The technical solution problem of the present invention is: overcome the deficiencies in the prior art, take the attitude control system of flexible aircraft as the background, provide a kind of flexible aircraft attitude tracking control based on non-singular terminal sliding mode, backstepping design method and observer The method realizes the fast attitude tracking control of the flexible aircraft, has high precision and strong anti-interference ability, and satisfies the attitude tracking requirements of the flexible aircraft to the greatest extent.

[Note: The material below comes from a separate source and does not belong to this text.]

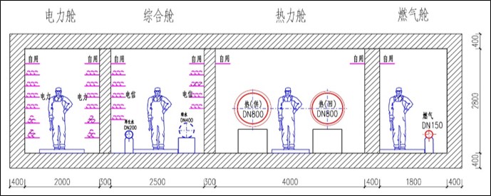 規(guī)劃建設(shè)綜合管廊長(zhǎng)度28公里,綜合管廊斷面尺寸分別為:雙艙6.2m*3.6m,三艙室8.9m*3.5m,容納供水、再生水、熱力、電力線纜、電信管道、燃?xì)獾仁姓芫€。
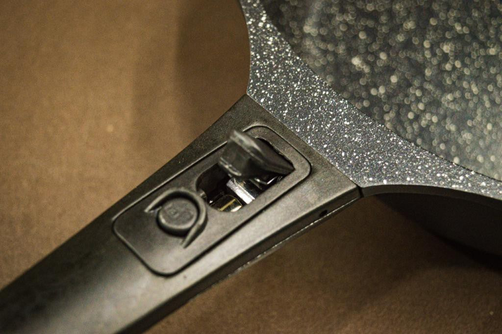 Nossas frigideiras são ideais para você preparar os seus bifes, bisteca de porco, frango e até mesmo os peixes. Tudo isso sem nada de óleo! Além disso, com as frigideiras você pode assar bolo e pão, tudo isso no forno elétrico. Elas contam com o cabo removível; você remove o cabo e pode levar ela ao forno. Por isso elas também servem para levar ao forno. Sem contar na praticidade e na limpeza. Nada gruda!

Technical solution of the present invention is:

A composite strong anti-disturbance attitude control method, the steps are as follows:

(1) Establish a flexible aircraft system model;

(2) utilize the described flexible vehicle system model that step (1) obtains, set up flexible vehicle kinematics error equation and dynamics error equation based on quaternion;

(3) According to the flexible vehicle system model obtained in steps (1), (2), the flexible vehicle kinematics error equation and the dynamics error equation, based on the backstepping method, determine the virtual control quantity;

(4) According to the kinematics error equation and the dynamics error equation of the flexible aircraft in the step (2), set up the finite-time non-singular terminal sliding mode surface;

(5) According to the flexible vehicle system model, flexible vehicle kinematics error equation and dynamic error equation obtained in steps (1) and (2), separate the total uncertainty item from the model, determine the extended state observer, and estimate Total uncertain items;

(6) Determine the controller based on the sliding mode and the extended state observer, so as to realize the composite strong anti-disturbance attitude control.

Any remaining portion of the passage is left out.